- Problem to solve
Everything below from the line with "Plastopak 20 liter" through the line with "Suéter de Lana" must be retyped exactly, except the pictures.

- Data supplied
====================

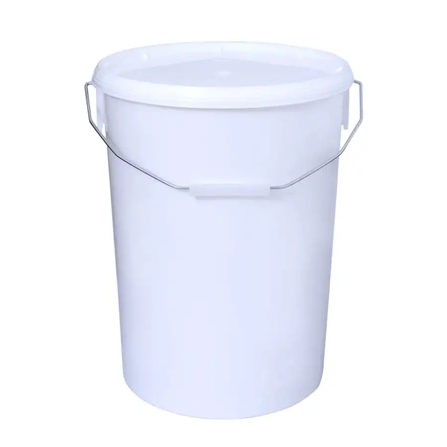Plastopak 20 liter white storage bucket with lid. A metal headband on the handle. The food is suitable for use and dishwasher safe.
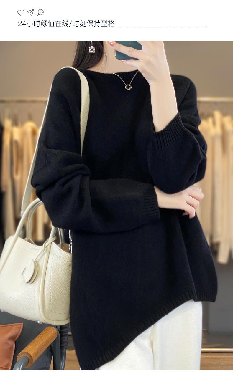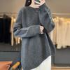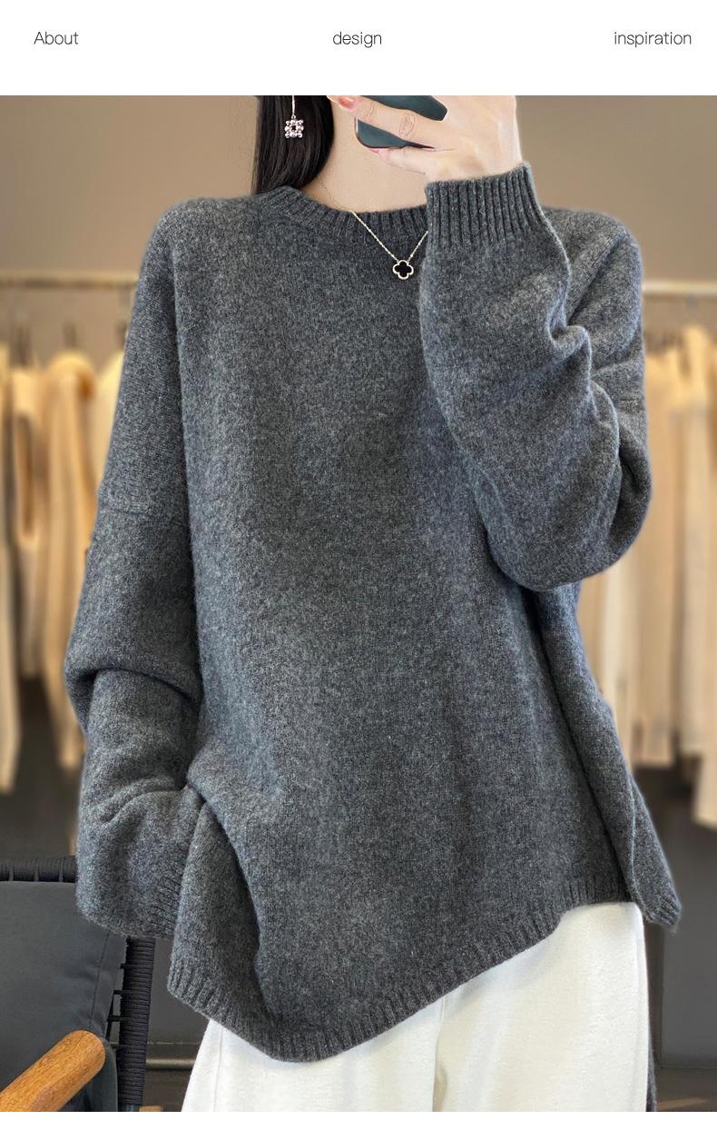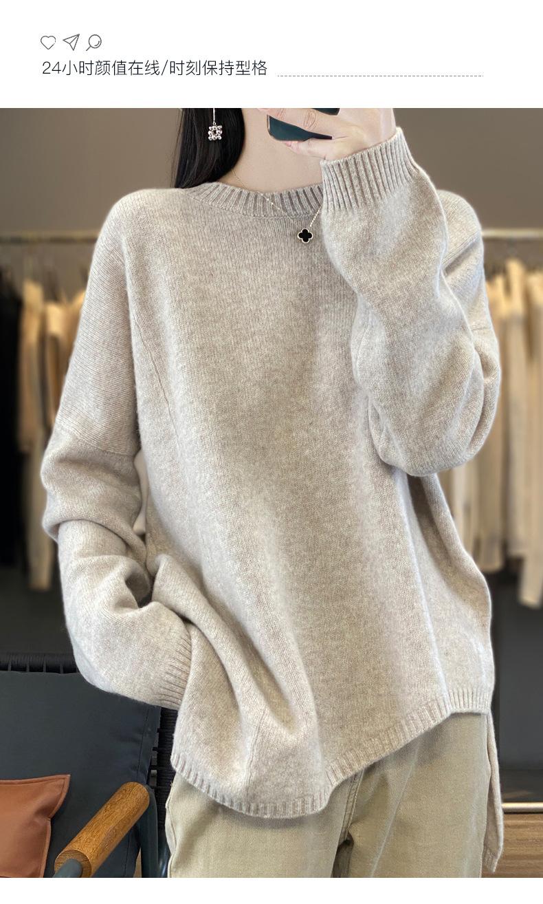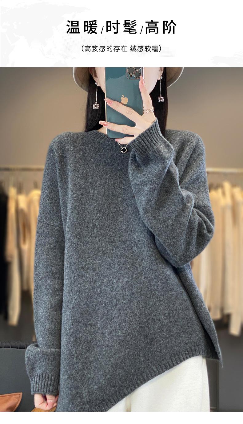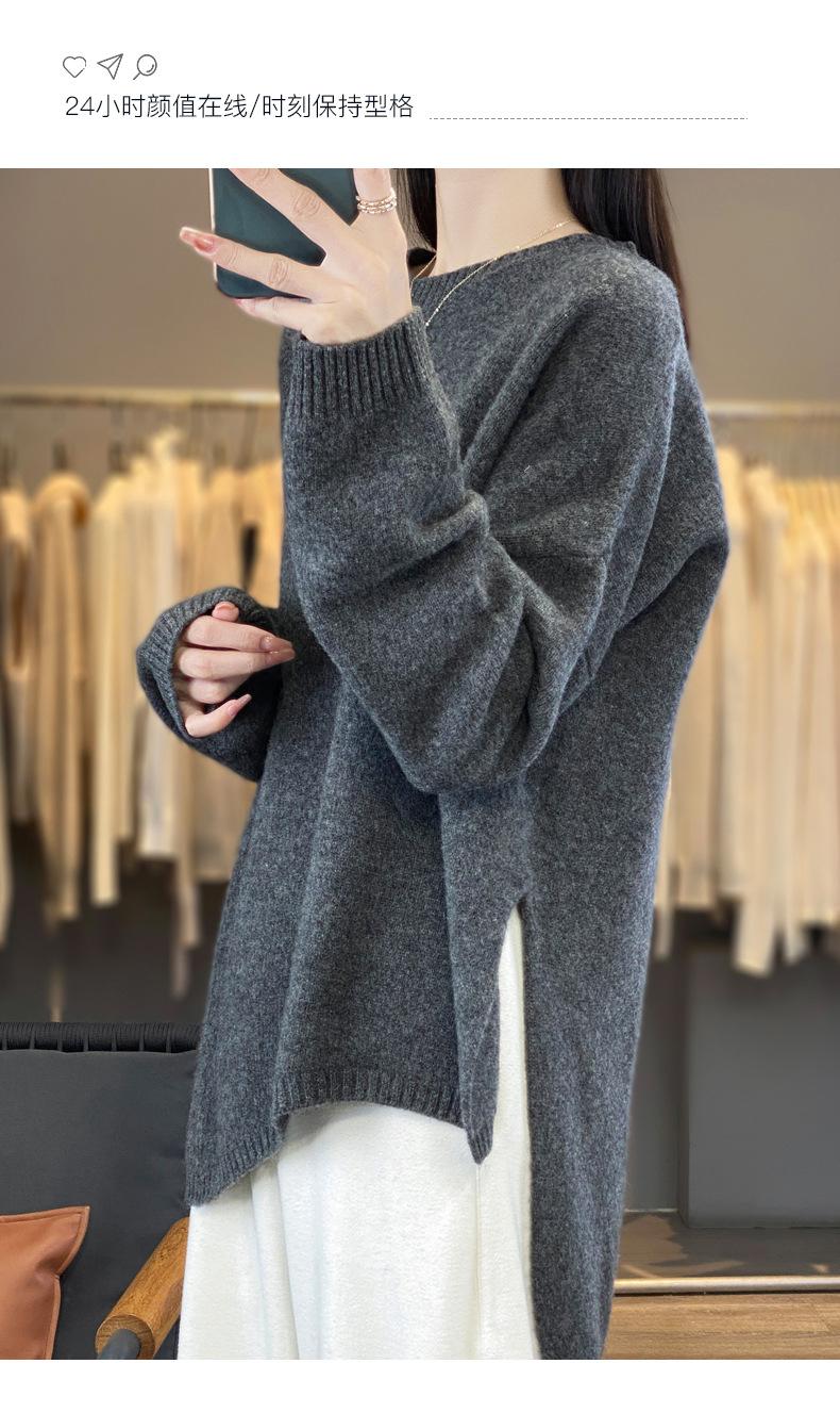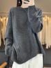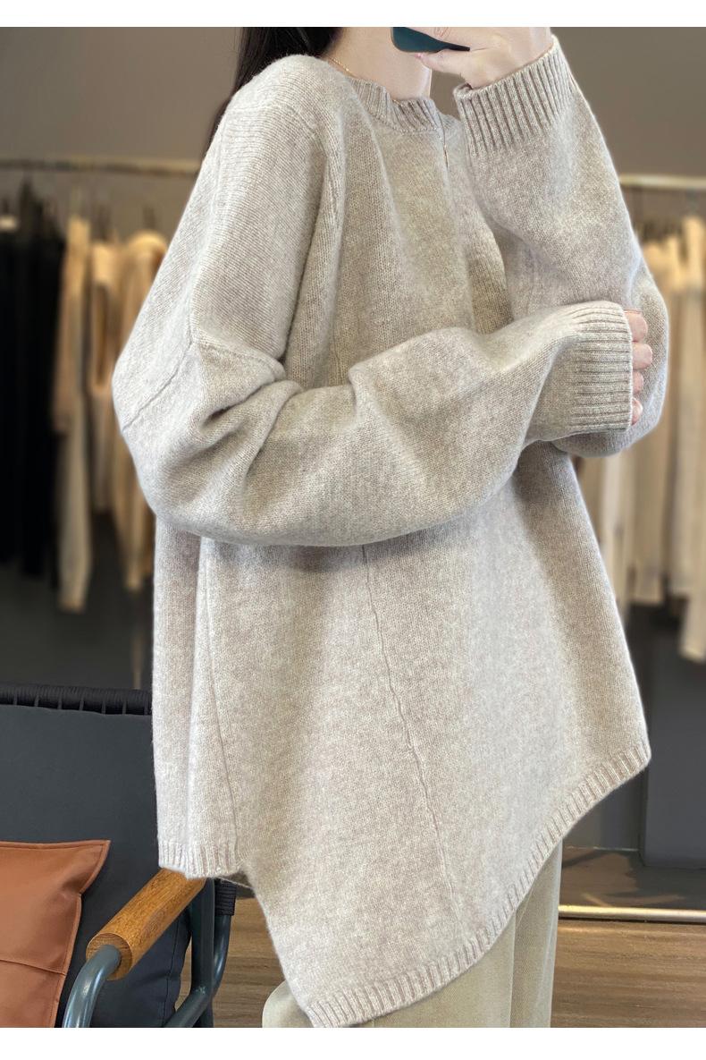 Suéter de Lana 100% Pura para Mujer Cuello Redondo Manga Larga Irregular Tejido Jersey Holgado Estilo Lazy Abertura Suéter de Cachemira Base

====================

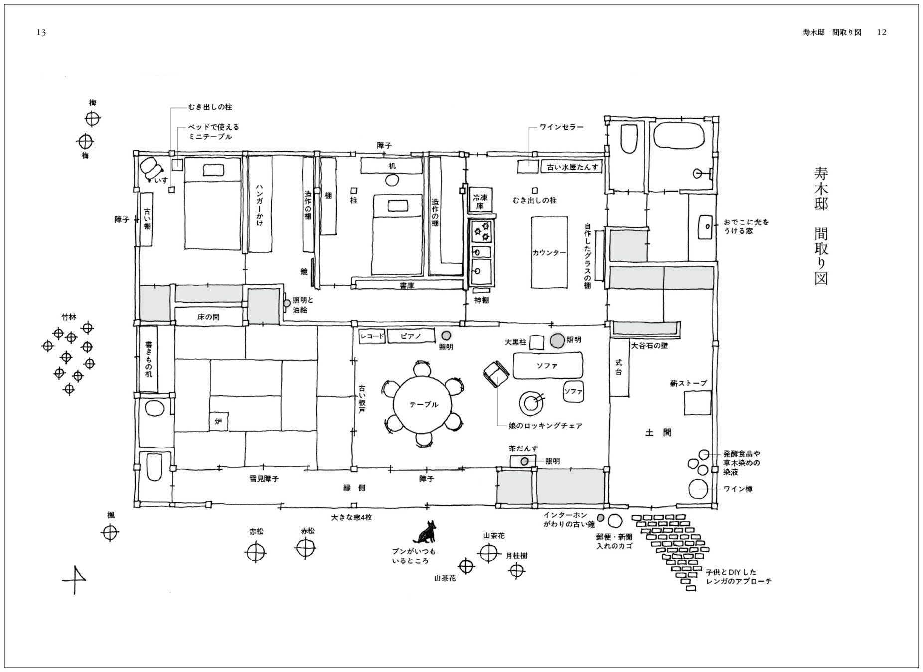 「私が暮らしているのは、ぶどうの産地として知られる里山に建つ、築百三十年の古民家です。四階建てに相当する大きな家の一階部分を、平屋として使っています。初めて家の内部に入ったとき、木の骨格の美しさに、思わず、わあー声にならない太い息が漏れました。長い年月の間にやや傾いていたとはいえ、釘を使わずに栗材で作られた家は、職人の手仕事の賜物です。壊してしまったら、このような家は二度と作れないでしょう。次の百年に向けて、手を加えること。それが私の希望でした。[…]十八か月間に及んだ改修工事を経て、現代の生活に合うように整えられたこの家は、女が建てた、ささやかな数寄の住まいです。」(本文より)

====================

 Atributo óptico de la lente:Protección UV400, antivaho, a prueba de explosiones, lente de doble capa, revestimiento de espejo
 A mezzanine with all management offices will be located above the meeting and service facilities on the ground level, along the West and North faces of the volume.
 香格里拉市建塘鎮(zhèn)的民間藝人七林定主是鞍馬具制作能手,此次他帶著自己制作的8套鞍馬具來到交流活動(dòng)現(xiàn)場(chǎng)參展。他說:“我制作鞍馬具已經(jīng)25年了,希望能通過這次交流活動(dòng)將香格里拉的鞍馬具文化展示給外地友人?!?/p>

====================

- Task output
Plastopak 20 liter white storage bucket with lid. A metal headband on the handle. The food is suitable for use and dishwasher safe.
 Suéter de Lana 100% Pura para Mujer Cuello Redondo Manga Larga Irregular Tejido Jersey Holgado Estilo Lazy Abertura Suéter de Cachemira Base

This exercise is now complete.